6 mitos perigosos sobre a saúde bucal – Afina Menina

6 mitos perigosos sobre a saúde bucal

Que a higiene bucal é fundamental para a saúde em geral, todo mundo já sabe. O que você provavelmente desconhece é que há várias informações incorretas ou distorcidas acerca da saúde de sua boca.
Por isso, com base nas orientações da Dra. Kamila Godoy, dentista, membro da Associação Brasileira de Ortodontia e pesquisadora da Faculdade de Odontologia da USP; seguem os 6 principais mitos sobre a saúde bucal:

1 – Bicarbonato de sódio ajuda a clarear os dentes

“Certamente, você já ouviu dizer que o bicarbonato clareia os dentes. Não é verdade. O produto nunca deve ser usado para o clareamento dental, pois, por ser muito abrasivo, pode provocar desgaste no esmalte dos dentes”, afirma Kamila.
Segundo ela, o bicarbonato de sódio só pode ser utilizado pelo dentista, com o objetivo de realizar uma limpeza nas superfícies dos dentes, e com uma quantidade que apenas o especialista sabe dosar.

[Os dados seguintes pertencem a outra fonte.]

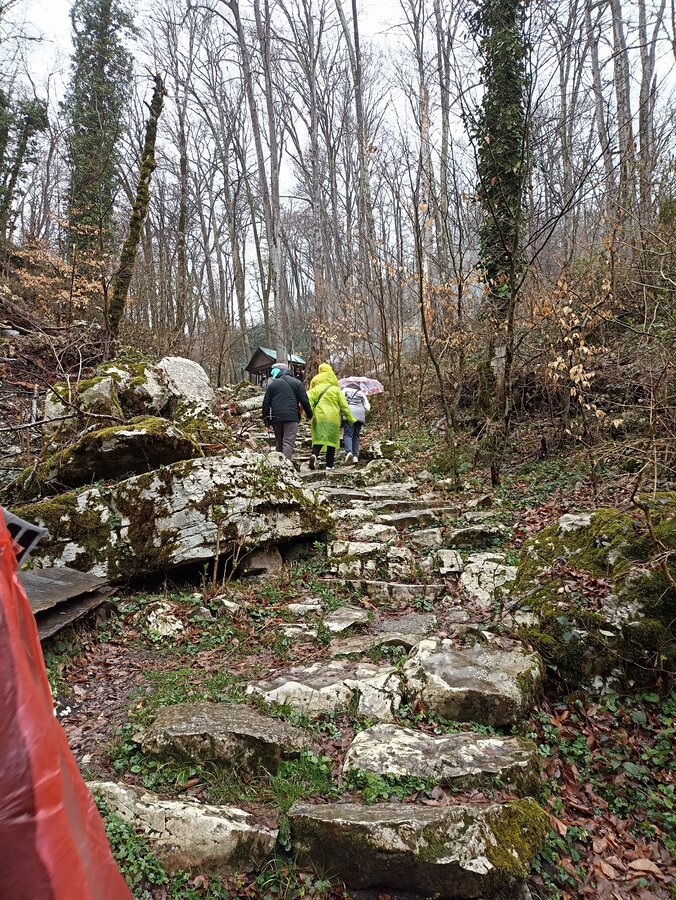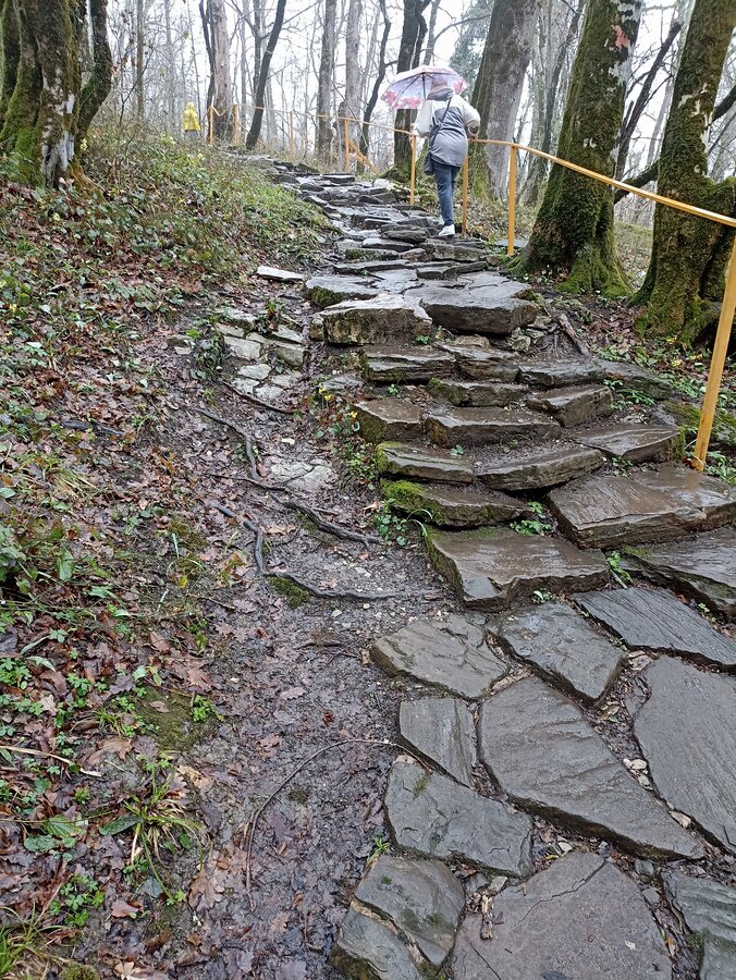 При спуске камни пластами, мокрые, не везде устойчивые, разной высоты.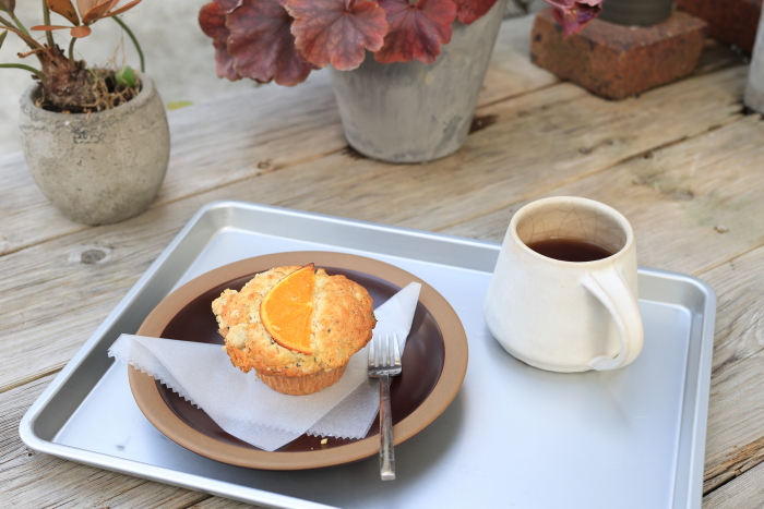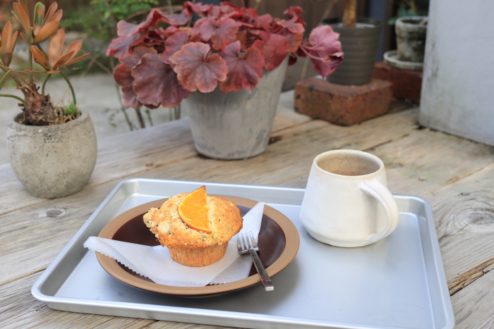 1年ぶりに来た。営業日が減って、なかなかタイミングが合わず。今日はオレンジとアールグレーのマフィン。紅茶と合わせた。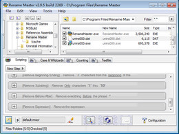 文件重命名专家,支持音频,视频,图片,网页及任何文件的重命名,轻松的新增,删除,取代部分文件名,并且支持文件属性,MP3歌曲标签,JPEG/JFIF/EXIF图片文件标签的重命名。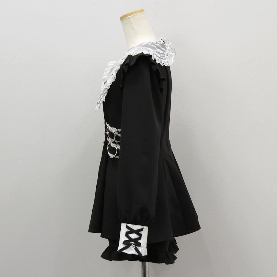 袖口カフスにはレースアップリボンがあり、デザインポイントたっぷりのセットアップです。

2 – O dente siso sempre deve ser extraído

Apesar de os sisos causarem incômodo em muitas pessoas, inclusive durante a mastigação, nem sempre há indicação da extração. “Se eles não prejudicam o paciente e sua arcada dentária, não há motivos para se submeterem a uma cirurgia”, diz Kamila Godoy.
A retirada só é indicada em alguns casos, como na disfunção do movimento que o dente faz até sua posição funcional, embaixo da gengiva. “Se o siso ficar preso no osso ou parar a erupção, pode ocorrer o que chamamos de ‘quadro de dente irrompido’, sendo necessário o acompanhamento com um profissional especializado”.

3 – Chiclete sem açúcar é bom contra as cáries

As cáries podem causar dor e até mesmo a perda de dentes. Elas surgem como resultado de uma higienização precária, com uso incorreto da escova de dente, fio dental e enxaguante bucal. E há quem indique o chiclete sem açúcar como prevenção da cárie, o que é um erro muito grave.
De acordo com Kamila, o chiclete sem açúcar está longe de ter essa função, ainda que não cause cáries. Pior: a mastigação constante de chiclete pode levar a uma fadiga nos músculos de abertura e fechamento da boca, gerando problemas na articulação têmporo-mandibular (ATM) e originando ou acentuando o bruxismo.

4 – Enxaguantes bucais podem substituir a escovação

O enxaguante bucal é um item que apenas complementa a higiene da boca. “O enxaguante fluoretado, por exemplo, é ótimo para quem tem um índice significativo de lesões cariosas, alterações hereditárias de esmalte ou sensibilidade dentária, além de auxiliarem contra a perda mineral dos dentes. Mas seu uso exige indicação e orientação, pois pode provocar manchas de fluorose, principalmente em crianças, ou até toxicidade”, pontua Kamila Godoy.
A especialista diz que utilizar o antisséptico bucal duas vezes ao dia é suficiente, mas não substitui a higiene mecânica. “Passe o fio dental, faça a escovação e finalize com o enxaguante. Use a tampinha até a medida indicada (em geral, 20 ml) e faça o bochecho durante um minuto. Tome cuidado com a ingestão, pois pode causar enjoo ou diarreia, e não lave a boca após a sua utilização para não reduzir o efeito”.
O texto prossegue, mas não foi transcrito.